Он кивнул, отдавая себе отчет, что продолжает обращаться с ней, как с маленькой, только чтобы не видеть в ней женщину колдовской красоты.
– Ты выросла, я знаю. И изменилась, – признал он. – Ладно, мне пора. Йоланта, наверное, уже волнуется.
– Не забудь музыкальную шкатулку! Сейчас быстренько упакую.
Тома надел плащ и шапку. Прошелся по комнате, остановился перед акварелью, на которой был изображен пруд перед шато де Ренье, бросил взгляд на узкую дверь туалета, оклеенную бумагой в полоску.
– Что случилось с дверью? – удивился он. – Кажется, замок сломан.
– Понятия не имею, Тома, – торопливо ответила Изора. – Садовник на днях все починит. Много месяцев во флигеле никто не жил. Наверное, сюда наведывались мальчишки, они и поломали… Готово! Передаю подарок для Анны. Не урони!

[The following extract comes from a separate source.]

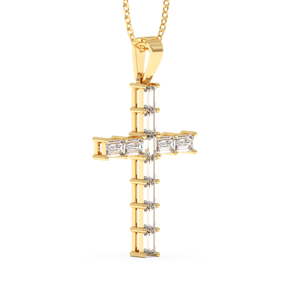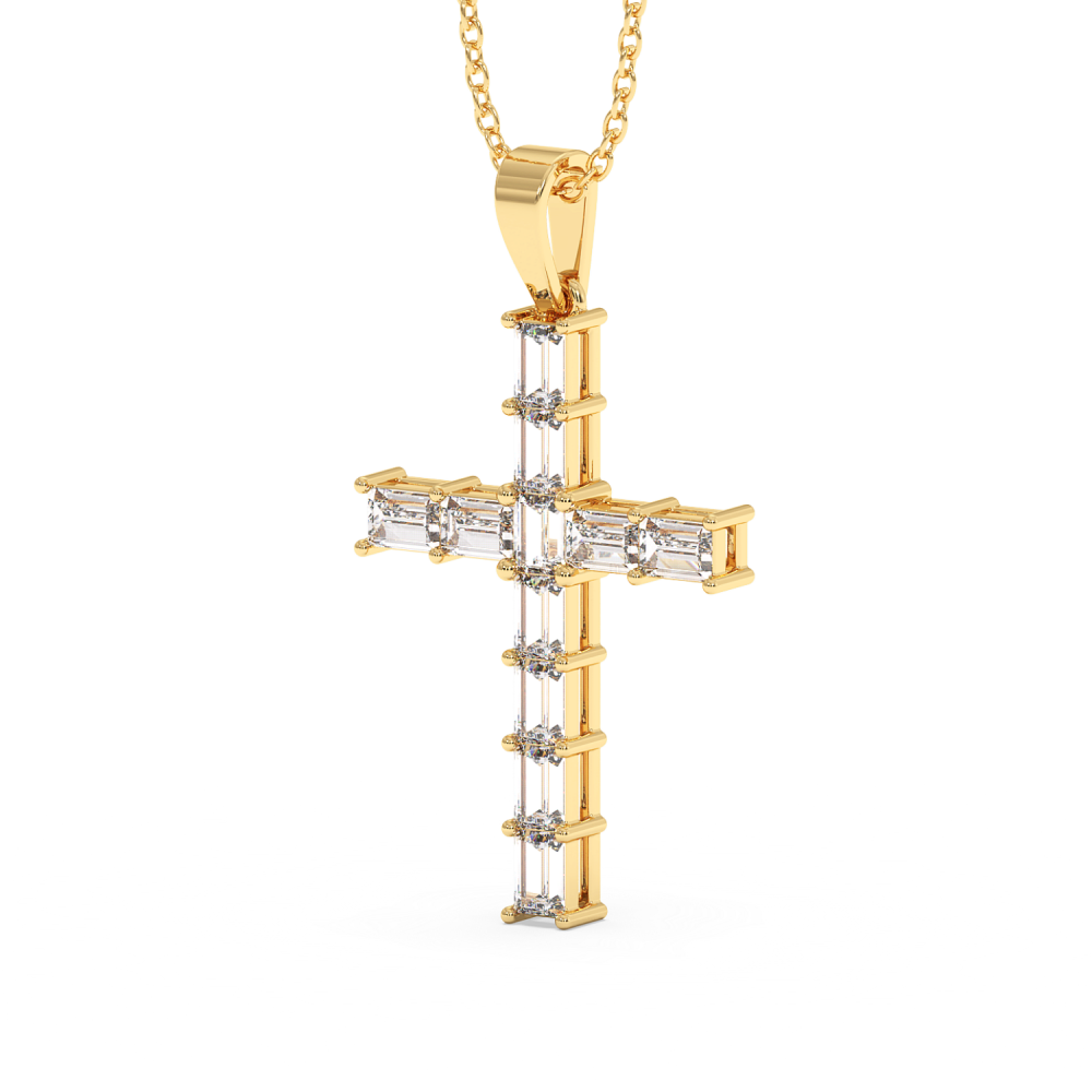 Cross pendant in 14 K gold with 1.11ct baget diamonds. The weight of the cross is approximately 1.80 grams. Go to "SPECIFICATIONS" for more details about this product.

Она с торжественной улыбкой протянула ему сверток, перевязанный розовой лентой. Он галантно поклонился, подошел к девушке и поцеловал в лоб.
– Наслаждайся новой жизнью, Изолина, – прошептал он.
В тот самый миг, когда Тома собрался уходить, в дверь постучали. Он машинально открыл дверь и оказался нос к носу с Жюстеном Девером.
– Здравствуйте, инспектор, – удивился он неожиданному гостю. – Новости в связи с расследованием?
– Я здесь не по работе, – резко ответил Девер. – До свидания, мсье Маро!
Изора раздосадованно вздохнула. После ухода Тома она предпочла бы побыть в одиночестве, чтобы помечтать о нем, снова пережить каждую секунду сегодняшней встречи. «Быть может, нам покровительствует сама фея Мелюзина», – подумала она.
По выражению лица девушки Жюстен сразу понял, что допустил ошибку. Только что он намеревался похвалить ее платье и прическу, но вместо этого сбивчиво пробормотал слова извинения.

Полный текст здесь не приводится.